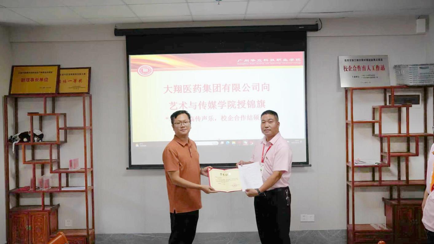 為表達(dá)誠摯謝意,大翔中藥向藝術(shù)與傳媒學(xué)院朱君院長頒發(fā)了榮譽證書,表彰其以卓越的藝術(shù)造詣和豐富經(jīng)驗,為大翔中藥企業(yè)文化建設(shè)增添光彩。同時,企業(yè)還向?qū)W院團(tuán)隊頒發(fā)了錦旗,以感謝師生團(tuán)隊在本次合作中的突出貢獻(xiàn)。
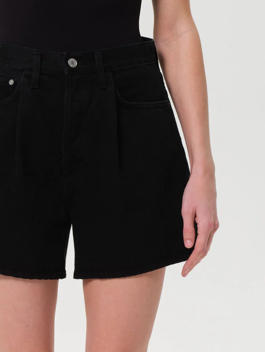 Amy Says... The Rhoda Short features a relaxed fit with a high-rise waist and a softly structured A-line silhouette. Designed in a flat marbled black denim, the refined pleat detailing adds subtle dimension and elevates the clean, streamlined shape. Crafted from a rigid non stretch cotton blend, it offers a soft hand feel and all-day wearability while maintaining its crisp structure. Pair it with a tucked-in tank or an airy button-down for an effortlessly elevated warm-weather look. Looks Like: Flat marbled black denim short with pleat front detailing. Feels Like: Rigid, non stretch denim cotton blend made with a soft hand feel. This fit is true to size. Shop Shorts.
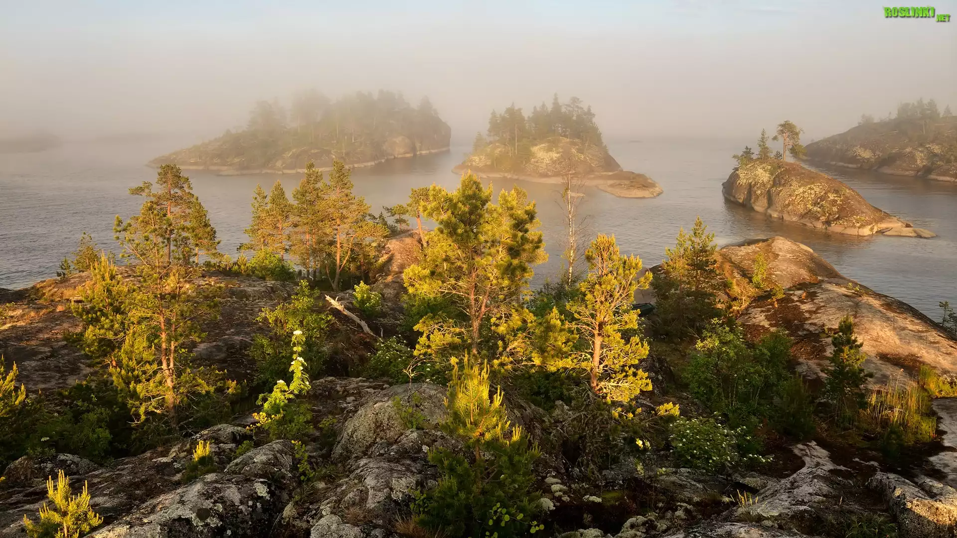 Rośliny: Jezioro, Wysepki, Skały, Drzewa, Mgła

..........

Pictures stay out; retype only the lines from the line containing "Amy Says... The" through the end of the listing, inclusive, exactly as they appear.

* Task answer
 Amy Says... The Rhoda Short features a relaxed fit with a high-rise waist and a softly structured A-line silhouette. Designed in a flat marbled black denim, the refined pleat detailing adds subtle dimension and elevates the clean, streamlined shape. Crafted from a rigid non stretch cotton blend, it offers a soft hand feel and all-day wearability while maintaining its crisp structure. Pair it with a tucked-in tank or an airy button-down for an effortlessly elevated warm-weather look. Looks Like: Flat marbled black denim short with pleat front detailing. Feels Like: Rigid, non stretch denim cotton blend made with a soft hand feel. This fit is true to size. Shop Shorts.
 Rośliny: Jezioro, Wysepki, Skały, Drzewa, Mgła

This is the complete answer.